Akram calls outcome of key UN forum ‘beacon of hope’ for virus-hit countries

NEW YORK: The High-level Political Forum on Sustainable Development wrapped up its latest session on Thursday (early Friday in Pakistan) with Pakistan’s Ambassador at the United Nations Munir Akram calling the outcome as a “beacon of hope” for the developing countries trying to recover from the economic and social consequences of the coronavirus crisis.

In his closing remarks, Akram, who also heads the Economic and Social Council, said the deliberations over eight days, in which many world leaders, including Prime Minister Imran Khan, took part — both virtually and in-person — were “intense and action-oriented.”

He expressed the hope that member states would be guided by that beacon of hope as “we navigate heavy seas” towards the post of the anti-poverty Sustainable Development Goals.

The HLPF, a subsidiary of ECOSOC, is the core UN platform for the follow-up and review of the 2030 agenda for Sustainable Development and its 17 objectives.
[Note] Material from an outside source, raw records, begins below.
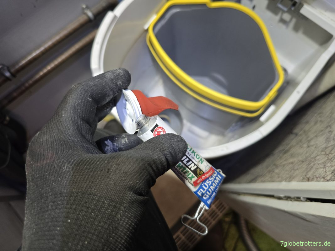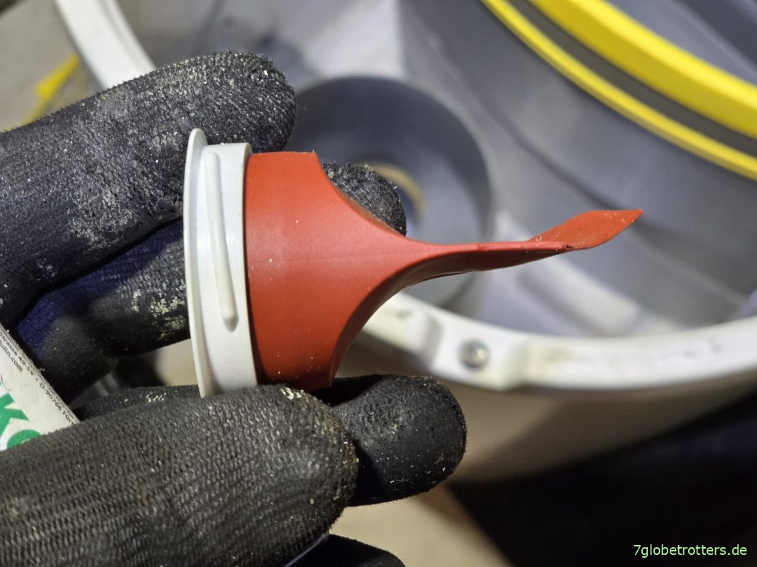 Ansonsten muss ich für den Einbau nichts zerlegen, sondern klebe die Membran mit meinem urinbewährten Silikondichtmittel Bindulin Dichtfix nur von oben in mein 40er Urinrohr. Das war’s schon. Am längsten bei der Montage des Membran-Geruchsverschlusses hat gedauert, auf diese Lösung zu kommen.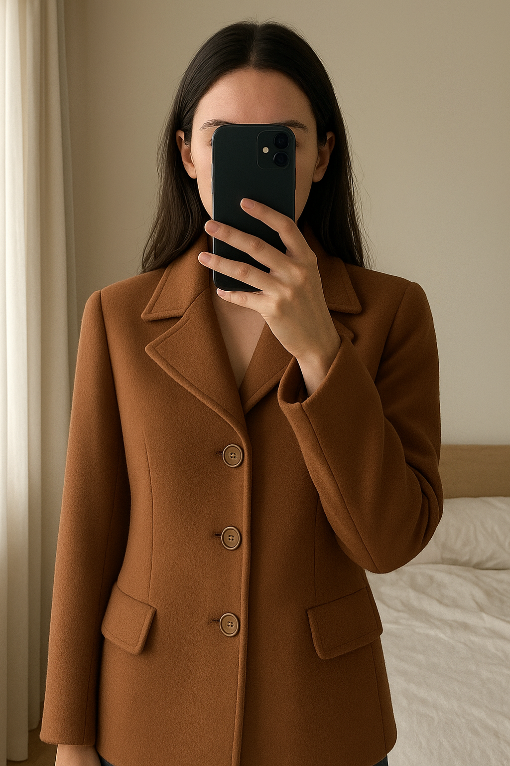 Très belle veste cachemire debout, face à la caméra, dans une chambre à la lumière douce, avec une lumière naturelle filtrant par la fenêtre.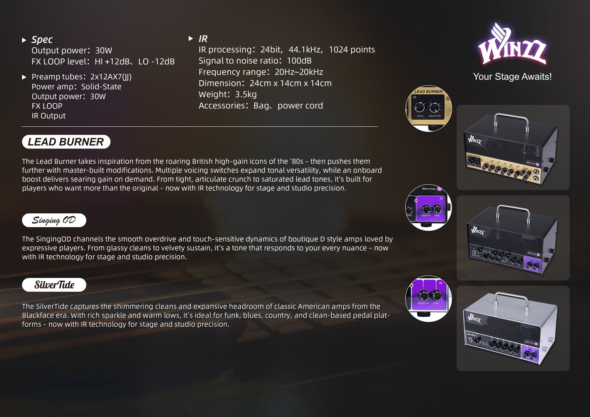 WINZZ Revival IR Series Musical Instruments Accessories TUBE IR Amplifier for Electric Guitar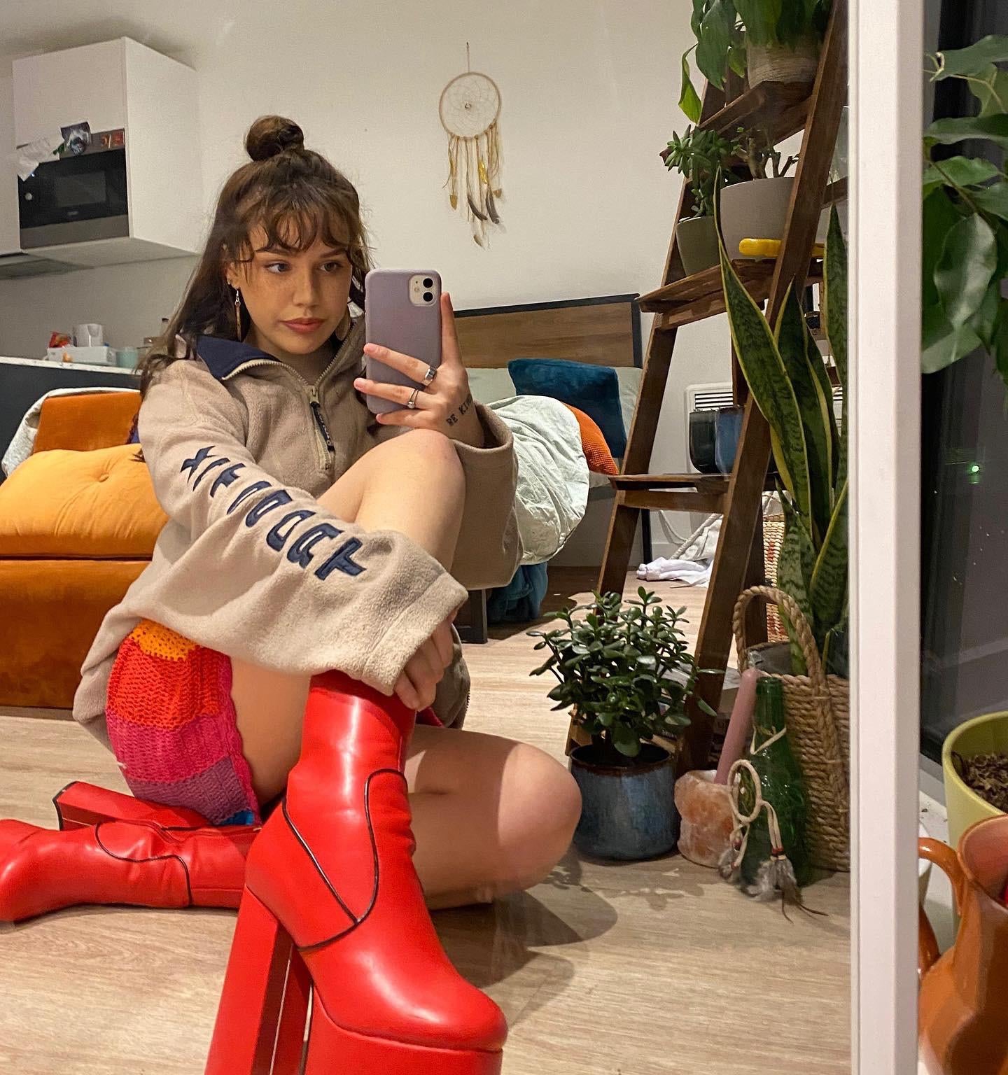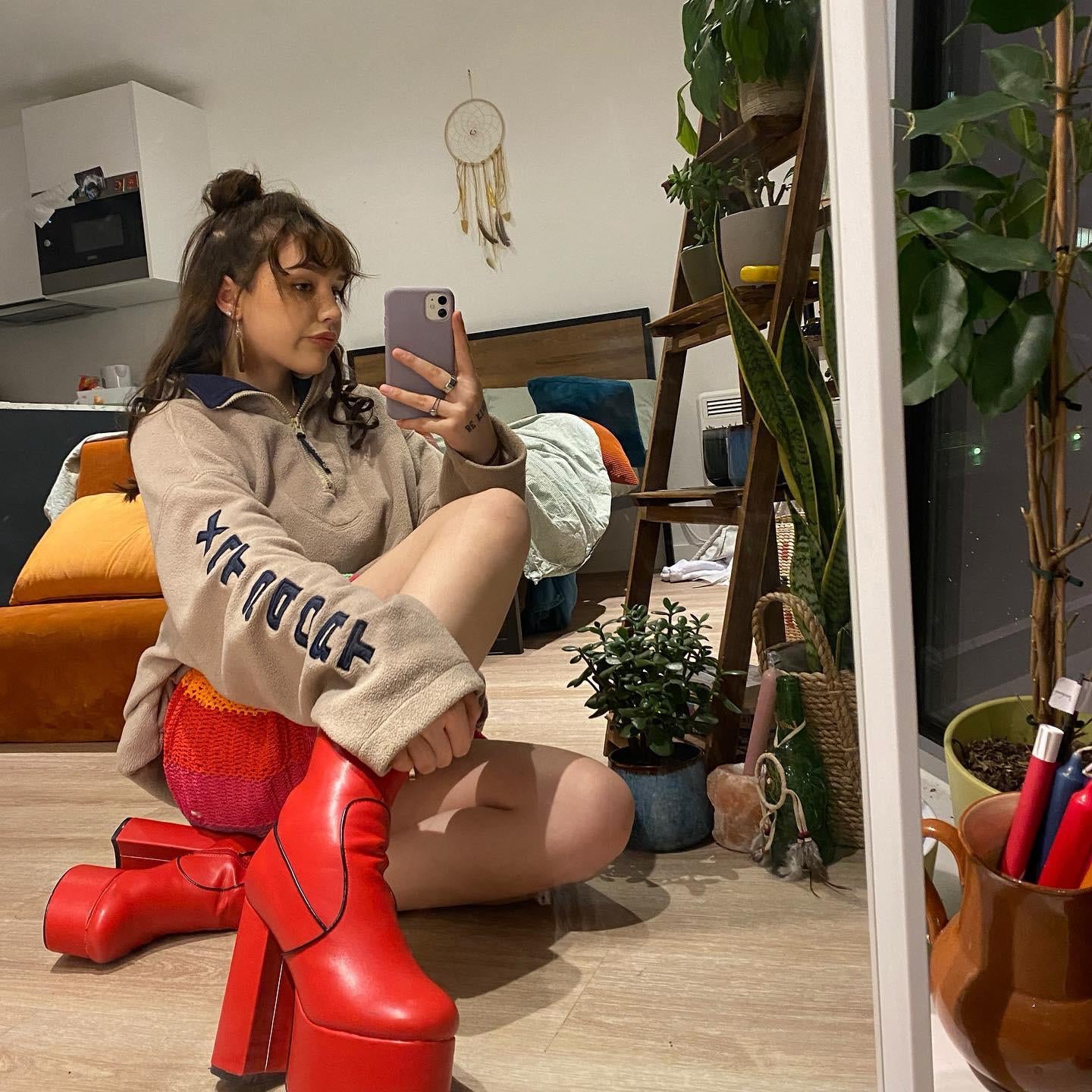 веснушки на лице и смартфон в руке,девица демонстрирует своё соблазнительное тело и снимает селфи
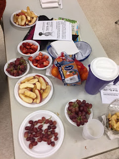 SPECIAL EVENT: Cheryl and I read parts of a seder for the children. After the brachot, we drank four cups of juice—white for winter, add a little “pink” for spring, add more pink for summer. The final cup is all red for the rich colors of fall. We tasted different kinds of food, accompanied by the bracha for fruit of the tree. The first fruit is one which you peel—clementines. The second fruit has a pit that you cannot eat. Because of the season and allergies, we substituted apples. For entirely edible fruit, we ate strawberries and seedless grapes.

Akram, who presided over the intensive deliberations, said the forum examined the voluntary national reviews of 42 countries that illustrated both the common and differentiated challenges they confront in realising the SDGs and responding to the pandemic.
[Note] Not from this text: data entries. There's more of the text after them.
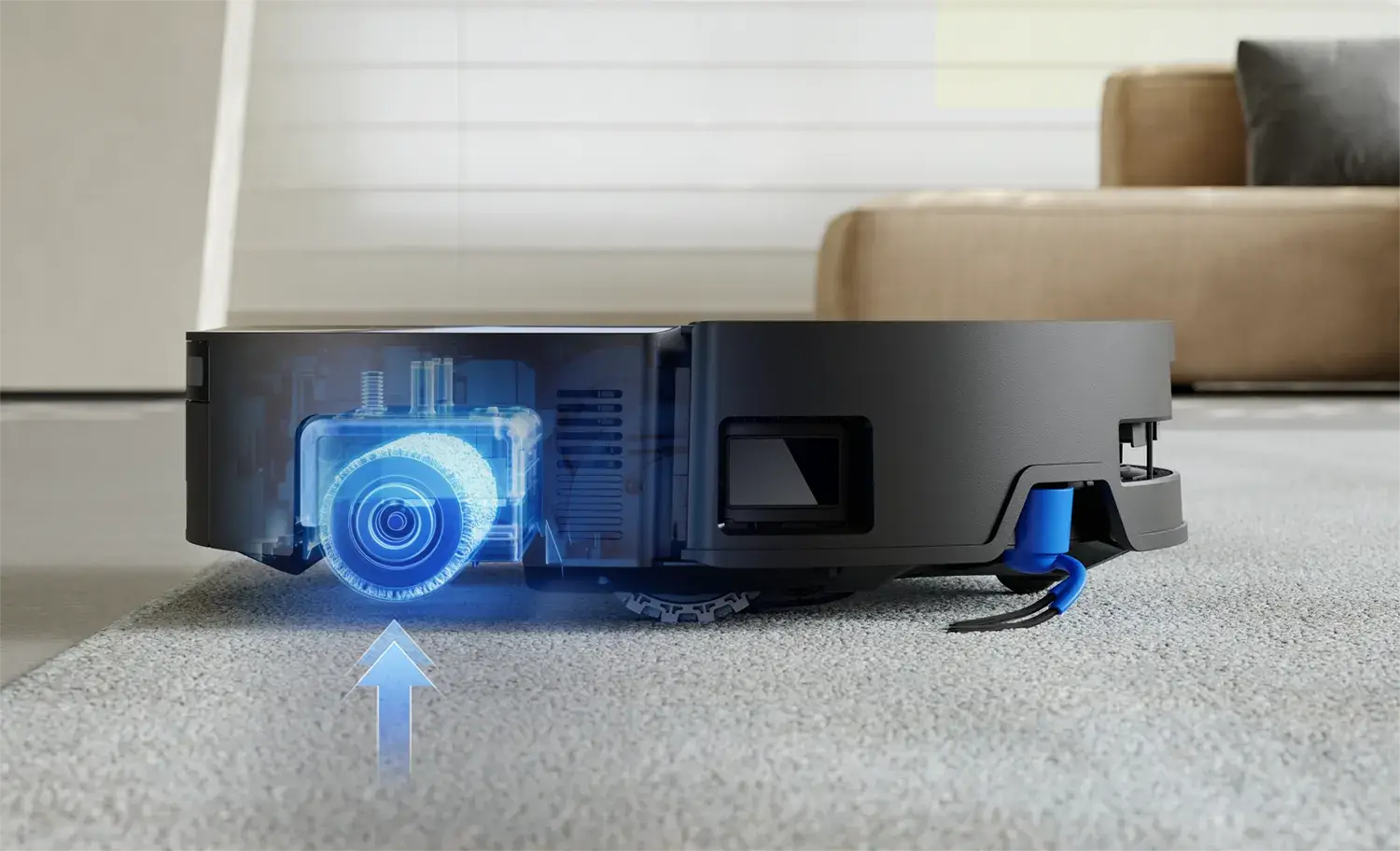Die Saugleistung liegt mit 18.000 Pa zwischen den beiden großen Brüdern und liegt weit über dem Standard der Preisklasse. Teppiche erkennt der Roboter automatisch und hebt den Mopp an, um sie trocken zu halten. Dazu kommen ZeroTangle 3.0 gegen Haarverwicklungen und eine KI-gestützte Navigation, die zielsicher Raum für Raum abarbeitet.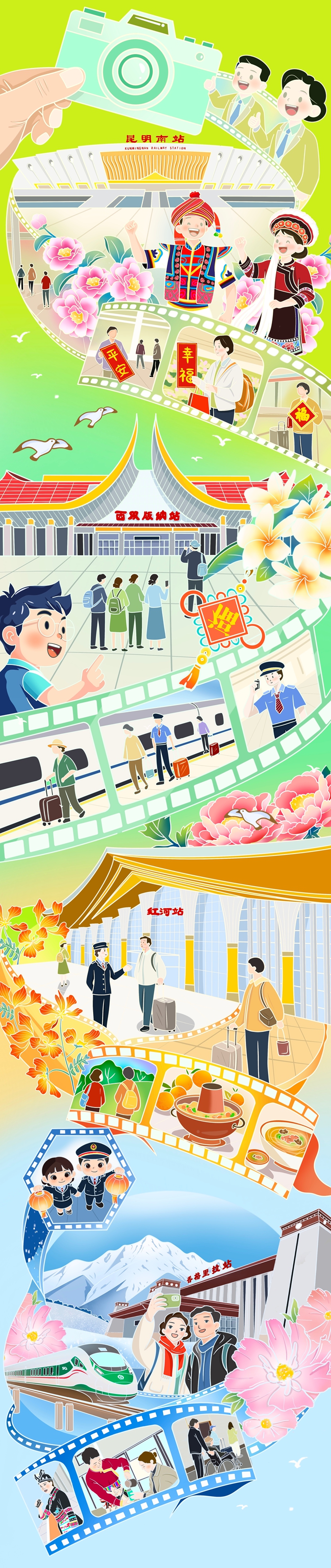 从花香满径的春城到热浪涌动的傣乡,从果香四溢的滇南到雪山环抱的秘境,一趟趟列车穿越寒暑、串联山海,让旅客在旅程中尽览云南四季风光。山海交响间,平安温馨相伴,多语服务、文旅指引、应急护航、温情帮扶……铁路部门用暖心服务守护旅途,让每一段归途都平安顺畅。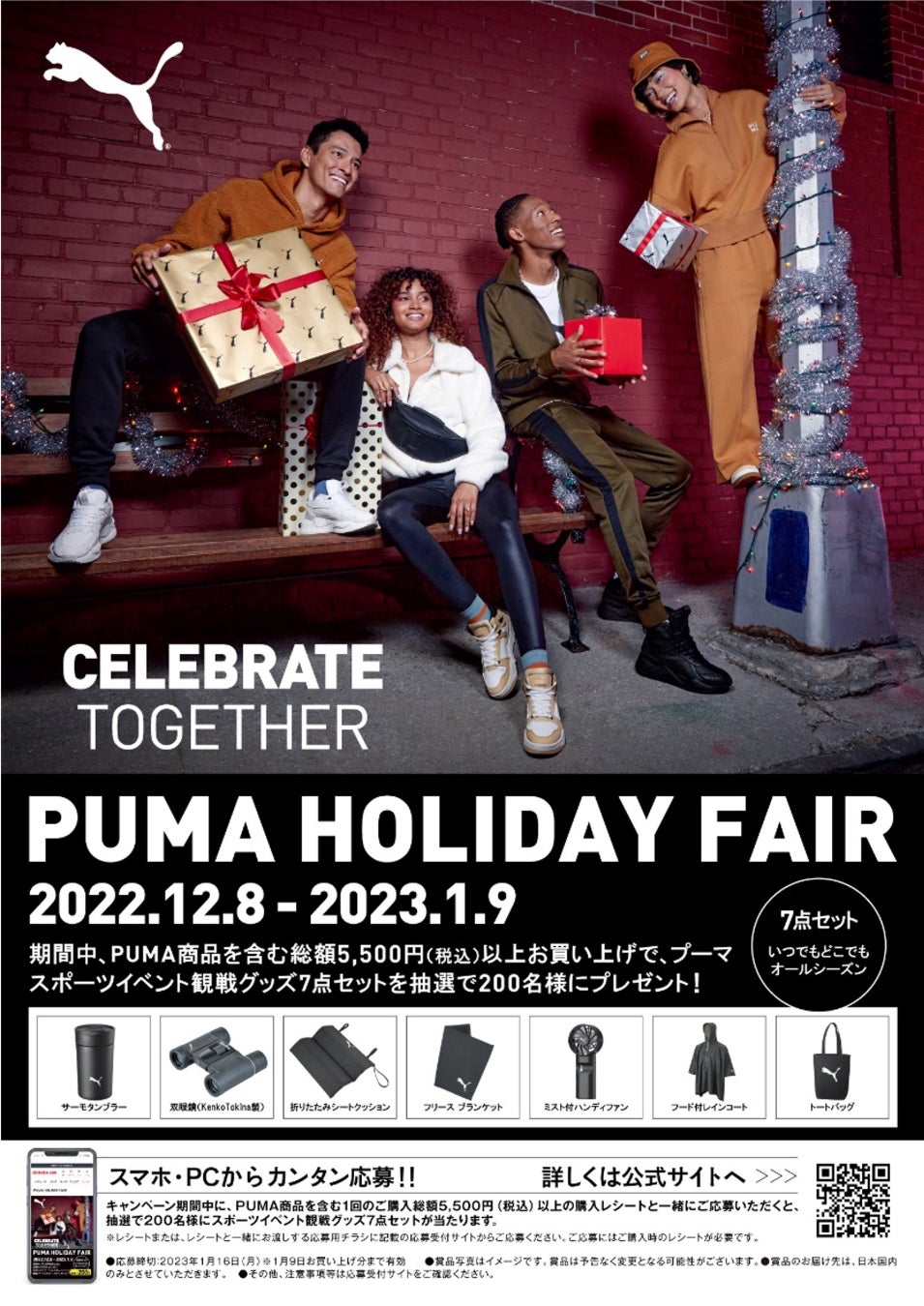 豪華グッズが抽選で200名様に当たる「PUMA HOLIDAY FAIR」12月8日(木)より、全国のシュープラザ、東京靴流通センター他全店舗と、公式オンラインショップ「kutsu.com」で開催。

The status of implementation of key SDGs was also reviewed that “unless states, individually and jointly, take bold emergency actions, we will, by and large, be unable to achieve the most of 17 SDGs by 2030”, he said.

The meeting also unanimously adopted a Ministerial Declaration that prescribes the required actions and commits governments and other stakeholders to implement them.
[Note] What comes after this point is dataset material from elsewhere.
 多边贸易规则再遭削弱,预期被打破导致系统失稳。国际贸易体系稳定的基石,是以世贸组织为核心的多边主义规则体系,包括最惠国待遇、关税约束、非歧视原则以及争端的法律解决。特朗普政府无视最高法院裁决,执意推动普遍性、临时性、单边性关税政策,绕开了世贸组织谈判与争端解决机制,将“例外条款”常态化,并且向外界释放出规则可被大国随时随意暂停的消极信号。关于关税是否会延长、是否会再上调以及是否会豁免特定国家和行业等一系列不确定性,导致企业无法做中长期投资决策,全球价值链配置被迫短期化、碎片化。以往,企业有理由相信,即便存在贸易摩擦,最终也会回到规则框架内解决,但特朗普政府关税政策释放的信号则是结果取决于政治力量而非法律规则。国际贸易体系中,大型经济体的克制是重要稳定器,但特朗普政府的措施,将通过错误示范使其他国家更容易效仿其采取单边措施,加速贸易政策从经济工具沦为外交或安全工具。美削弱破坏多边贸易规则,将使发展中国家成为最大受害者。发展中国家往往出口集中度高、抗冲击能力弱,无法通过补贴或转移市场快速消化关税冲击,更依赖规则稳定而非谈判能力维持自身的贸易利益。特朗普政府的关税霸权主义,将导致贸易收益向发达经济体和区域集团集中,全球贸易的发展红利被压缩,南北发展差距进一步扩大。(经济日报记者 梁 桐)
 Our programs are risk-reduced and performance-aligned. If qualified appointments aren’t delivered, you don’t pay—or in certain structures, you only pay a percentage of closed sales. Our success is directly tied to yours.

Ambassador Akram said the main messages from the forum’s deliberations and the declaration include:

(1) The world must quickly contain and defeat the virus. No individual will be safe until everyone is safe. The world economy will not fully recover, nor can we achieve the SDGs in time unless we do so. The vaccine is a global public good and must be made available to all.

(2) Financial assistance is the key to recovery, SDG achievement and arresting climate change and environmental degradation. Resource mobilisation must be pursued as a global goal to address all aspects of the triple crisis: Debt restructuring, concessional assistance, creation and generous reallocation of unutilised Special Drawing Rights quotas, scaled-up public and private investment in sustainable infrastructure and other employment generating projects and programmes.

(3) Poverty and hunger that have increased sharply must be addressed frontally, including through social protection programmes and safety nets, and massive concessional assistance to those in need, the poorest people and the poorest and vulnerable countries.

(4) The UN platform must continue to be the principal advocate of the poor and act boldly to secure implementation of all the commitments made in the declaration. It must press the powerful to make the paradigm change in the methods and modalities of mutual cooperation, which embraces the objectives and equity, inclusion and universality.

“Without this, we will be consigned to a world that is increasingly divided between the rich and poor, to rising poverty, human suffering, social chaos and proliferating conflicts,” Akram added.

UN Deputy Secretary-General Amina J. Mohammed also addressed the closing session.

Mohammed attributed the pandemic to “a reversal of SDG progress in some areas, and delayed action on many of the major transitions required to meet our 2030 goals”.

She said the pandemic has had a “deeply negative impact” on health and well-being; employment, businesses, incomes, education, and human rights with “a particularly damaging effect on women and girls”.

The diplomat said many participants observed that some of the measures put in place during the pandemic could provide a foundation for SDG progress, giving the examples of digital learning, which could help to transform education more broadly, along with building on critical fiscal support many countries had provided to their economy, jobs and people.

“Governments should now consider whether some of these measures can be integrated into comprehensive social protection systems”, the official said.

Recovery efforts can be designed both to restart economies and accelerate SDG implementation, she added.